В своей новой работе (трогательной и невероятно искренней) Наташа Меркулова «подглядывает» за сложными отношениями двух сестер, одна из которых стала верной подругой бутылки (Виктория Исакова), а вторая (Виктория Толстоганова) не дает ей опуститься на дно и делает все, чтобы бедолагу спасти. «Культуромания решила поговорить с Наташей о ее новом проекте, а также о том, почему так трудно талантливым девушкам-режиссерам пробиться в большое кино.
– Наташа, ваша новелла «Сестры» – как она появилась?
– Все сложилось как-то очень внезапно. Несколько лет назад я ездила в Омск, на фестиваль «Движение». И в лобби отеля (а все кинематографисты жили в одной гостинице, поэтому деваться друг от друга нам было некуда) увидела двух Вик, сидящих рядом: Исакову и Толстоганову. Они сразу же сложились для меня в некий ансамбль. А так как у меня на тот момент была недописанная история про двух сестер, то девочки за секунду стали для меня сестрами. Потом я вернулась в Москву – и буквально одним махом дописала сценарий (чего со мной в принципе никогда не бывает: я всегда очень тяжело пишу, по 150 раз переписываю). Отправила текст актрисам и предложила самим выбрать, кого играть – и тут началось. Вика Исакова сразу же написала, что выбирает сестру-алкоголичку, а через пять минут присылает другое письмо: «Я передумала». На что Толстоганова отвечает: «Нет, Вика, как ты в первый раз написала, так и будет». В итоге они обе получили роли на сопротивление: это не те персонажи, к которым они привыкли, и не скажу, что это им сразу легко далось. Я, если честно, Вику Исакову в роли девушки с алкогольной зависимостью с трудом представляла, да и она сама чуть-чуть сомневалась. Но мы много чего перепробовали, долго искали нужную ниточку – а потом вдруг раз! – и нашли.
– Согласна с вами: роли очень нетипичные для обеих Вик.
– У меня, на самом деле, в голове был и другой вариант. Я в какой-то момент даже хотела снять вторую новеллу: с тем же текстом, только чтобы актрисы поменялись ролями.
– Это был бы очень неожиданный ход! Что касается съемок, я знаю, что они были не самыми легкими…
– Мы снимали четверо суток: именно суток, потому что по моим ощущениям, мы не останавливались. Это была какая-то безумная работа, где не было ни художника-постановщика, ни гримеров, ни костюмеров – я заменяла их всех. И думаю, что по-другому мы бы нашу историю просто не сняли. Потому что если бы появилось киношное дыхание: актерские вагончики, гримвагены, костюмвагены, светобаза, обед по расписанию и т.д., то у нас ничего бы не получилось. А тут мы поймали нужную нам эмоцию – и на ней проехались до самого конца. Но будь у меня за плечами группа в 50 человек, никакого откровения на площадке (да и в кадре), наверное, не случилось бы.

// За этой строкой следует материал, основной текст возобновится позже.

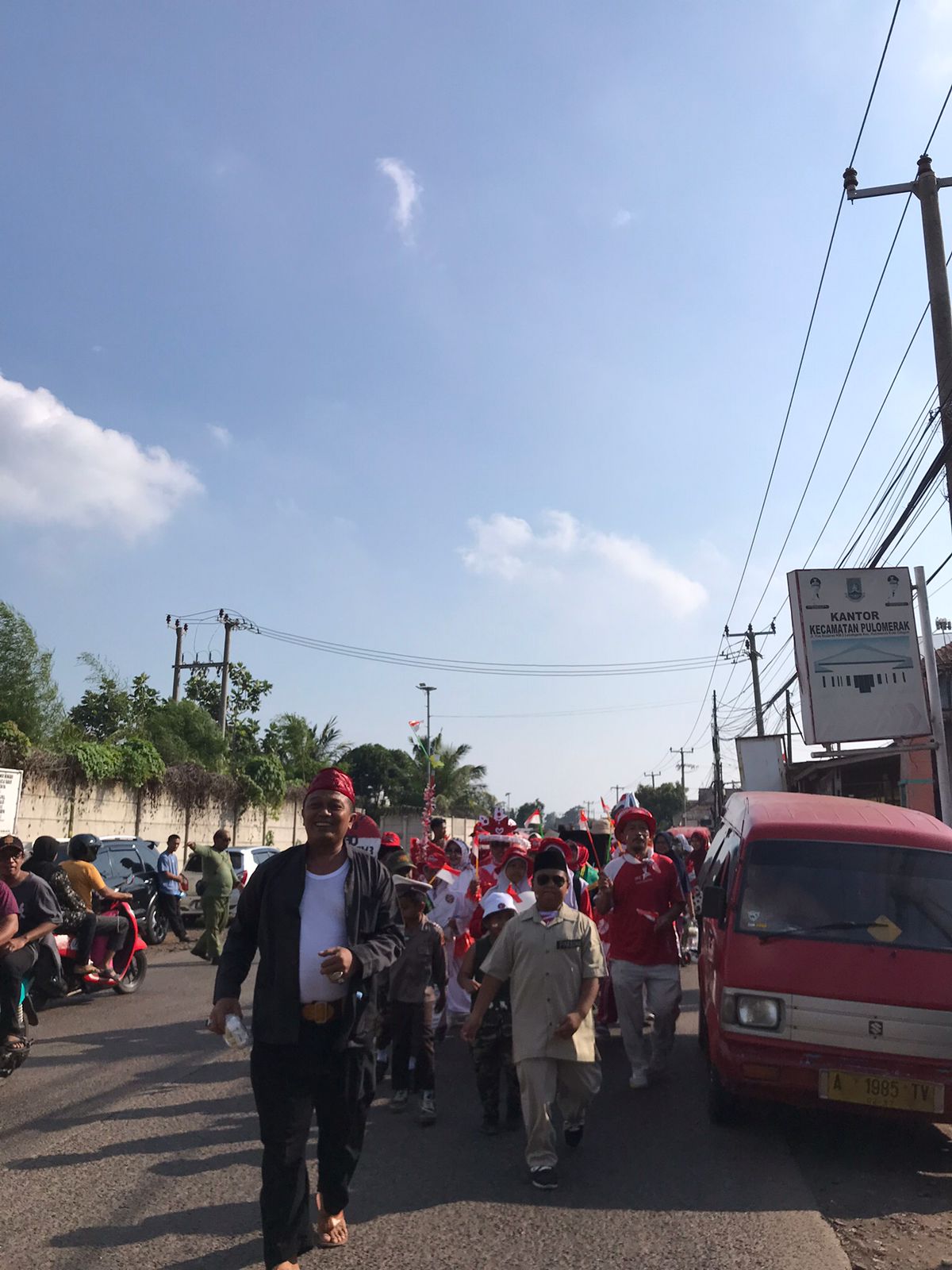 Setelah upacara, kemeriahan berlanjut dengan pawai kemerdekaan. Warga dengan antusias mengikuti pawai yang menempuh rute dari Kantor Kecamatan Pulomerak, melewati Jalan Raya Yos Sudarso, SMKN 4 Cilegon, hingga Komplek PLN Lebakgede, dan kembali ke titik awal.
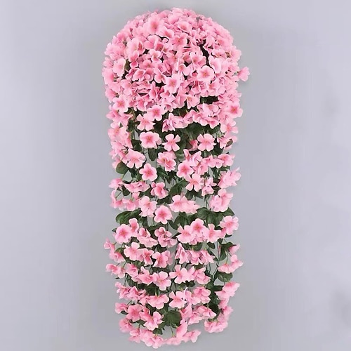 2 künstliche Orchideensträuße zum Aufhängen, künstliche violette Ranken als Wandbehang, Kunststoff-Hängeblumen für die Innendekoration, Wohnzimmer, Garten, Balkon
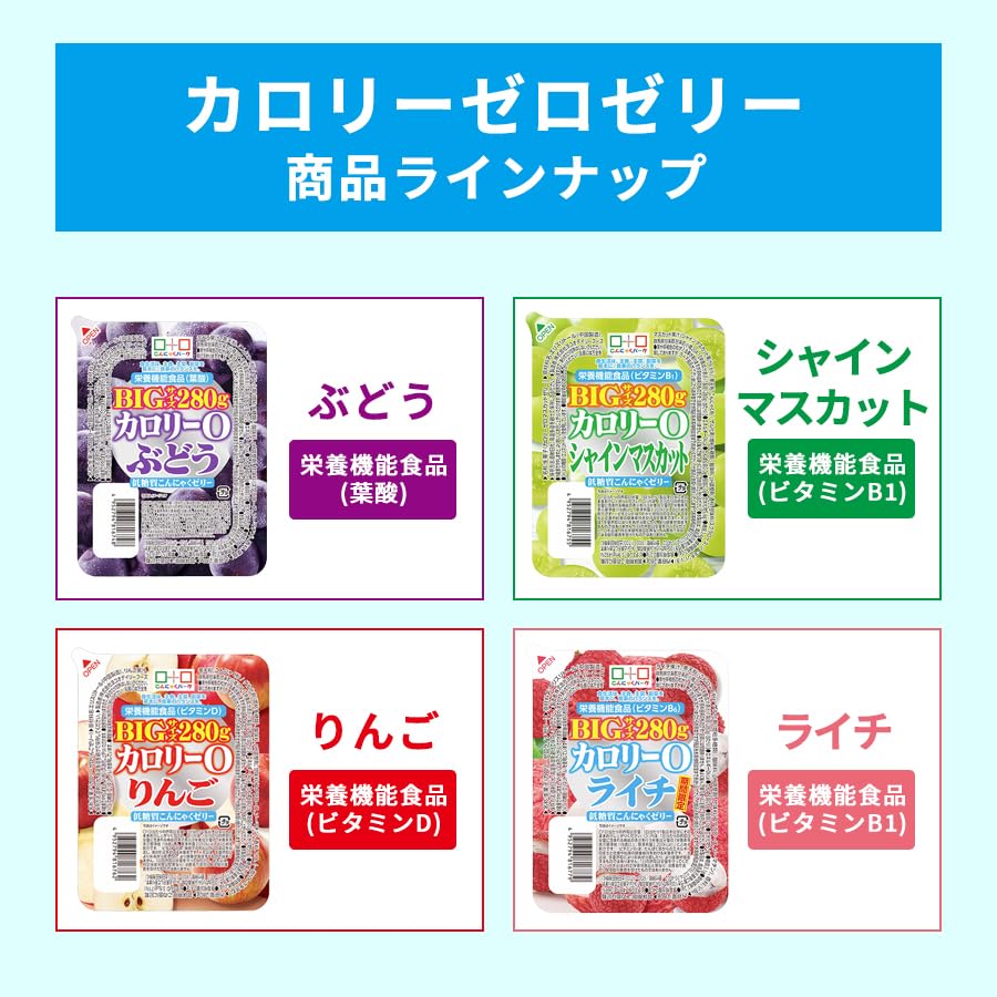 低糖質、カロリーゼロのぷるっと食感のこんにゃくゼリーシャインマスカット味です。ビタミンB1を含んだ栄養機能食品にリニューアルしました。食物繊維の豊富な寒天入りです。
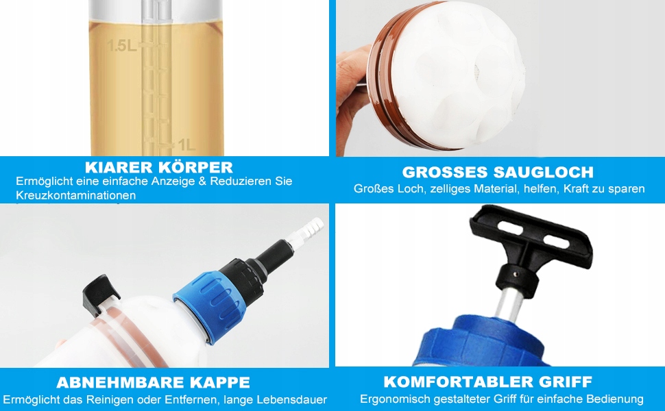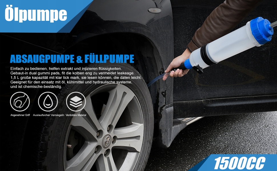 Наш всасывающий насос устойчив к коррозии и имеет большую емкость 1500 мл, а также эргономическая ручка для удобной сцепления. Он широко используется для удаления и смены масел в большинстве устройств, таких как автомобили, лодки и многие другие.
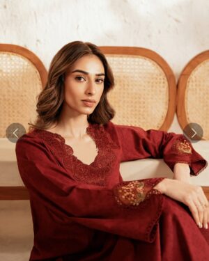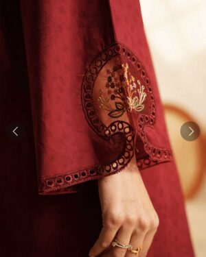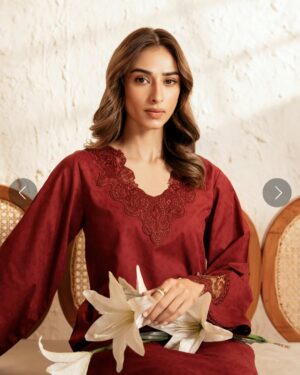 This ensemble features a deep red long shirt made from self-jacquard fabric, which offers a refined, smooth texture, giving the piece an understated elegance. The bold deep red color provides a striking pop, ensuring the shirt stands out. Paired with relaxed cotton trousers, this outfit perfectly combines style and comfort. The breathable cotton fabric ensures a soft and easy fit, making it ideal for both casual and semi-formal occasions. Whether worn for a day outing or a more polished event, this outfit exudes effortless charm and modern sophistication.
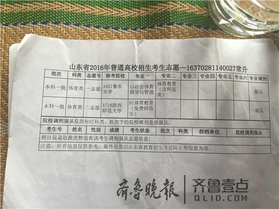 陜西師范大學在山東招收6名體育教育專業的學生,均為免費師范生。第一志愿的錄取線為文化課362分,專業課66.54分。學校按照專業課成績由高到低擇優錄取。常升的文化課考了403分,專業課考了93.64分,遠超出學校的錄取線。而魯東大學官網顯示,該校社會體育指導與管理專業的文化課最低錄取分數為407分,而常升的文化課成績差4分。不過,該校對專業課要求低,專業課成績最高分僅為77.65分。
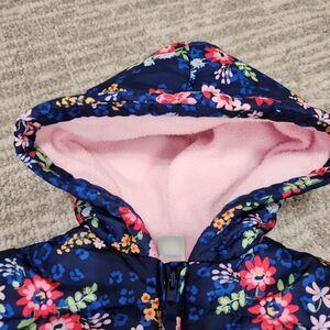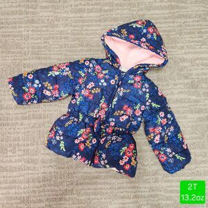 Little Me girls floral puffer hood heavyweight jacket blue pink size 2T
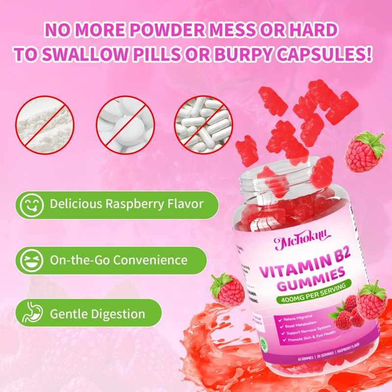 Mchokuu vitamin B2 gummies riboflavin 400mg provide essential support for better mitochondrial function, addressing the root cause to help you achieve natural migraine relief and sustained energy.
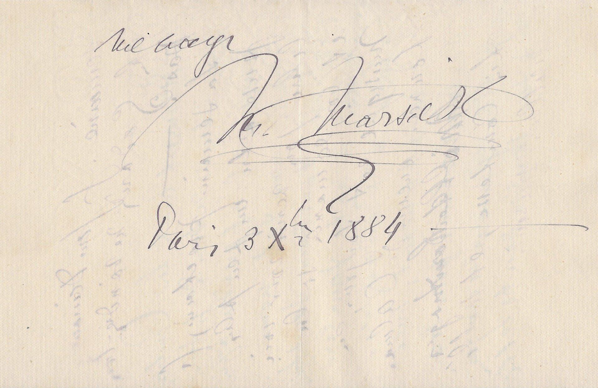 Lettre autographe signée à sa chère amie, Mme [Marguerite] Crauk, l’épouse du Sculpteur Gustave Adolphe Crauk. Paris,
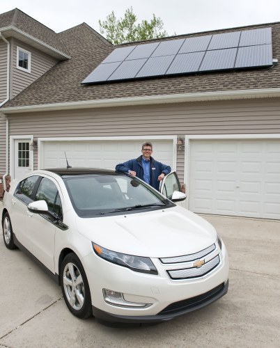 "I made the switch to renewable energy a while ago, and thus with solar energy, I can power my house, charge my Volt and pump energy back into the grid, which I get credit for," said Hildebrandt, owner of Sunventrix in Saline, Mich., and one of the first Volt purchasers in the state.
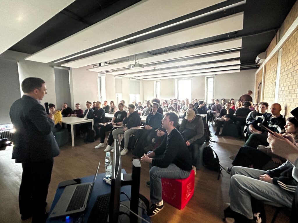 Specjalista przedstawił zebranym fascynującą historię botów. Opowiedział o ich ewolucji i podzielił się głęboką wiedzą na temat systemów, które kierują znanymi nam botami. Następnie rozpoczął interesującą dyskusję o niemal filozoficznym charakterze, zadając pytanie, czy uważamy, że boty są inteligentne i czy działają z intencją? To zagadnienie skłoniło zebranych do refleksji i aktywnej wymiany opinii. Rozmowy trwały nawet po zakończeniu spotkania, a Pan Wojciech Mac odpowiedział jeszcze na wiele pytań zainteresowanych osób. Serdecznie dziękujemy za przekazanie tak dużej dawki wiedzy naszym studentkom i studentom!
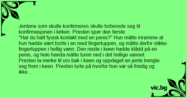 Konfirmationen Pigerne i 7 klasse skulle forberede sig på konfirmationen inde i kirken. Præsten spørger den første: Har du haft fysisk kontakt med en penis? Hun havde taget på en med fingeren, og...
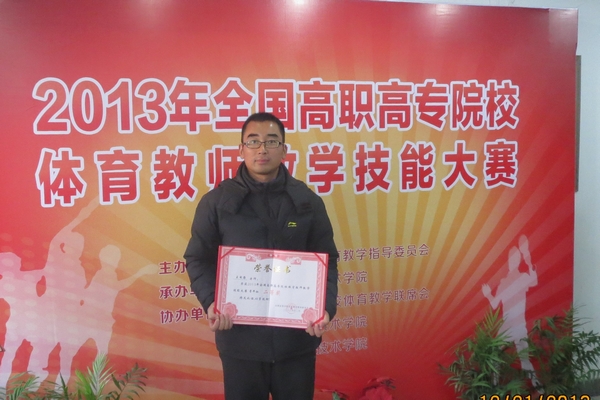 2013年12月19-21日,在杭州举行为期三天的全国高职高专院校体育教师教学技能大赛,awc777万象城娱乐官网基础部教师王电海通过体能、急救、主项、副项、教案设计、微课程等多项比赛,充分展示自己的专业技能和全面发展的素质,一路不畏强手,顽强拼搏,最终获得二等奖好成绩。

– Тем не менее, с вами на площадке работала Ксения Середа – потрясающий молодой оператор.
– Ксюша Середа оператор невероятный. И у нас с ней даже произошло что-то вроде смыкания: в какой-то момент я даже перестала понимать, где я, а где Ксюша. При этом она одновременно смотрела картинку, крутила фокус на фотоаппарате и бегала за актрисами, так что ей пришлось тяжелее других. Я вообще не знаю, как она это вынесла: уж Ксюша-то точно не спала эти четверо суток.
– Наташа, режиссеры часто говорят, что берутся за какую-то тему, потому что она им близка. Что общего у вас с «Сестрами»?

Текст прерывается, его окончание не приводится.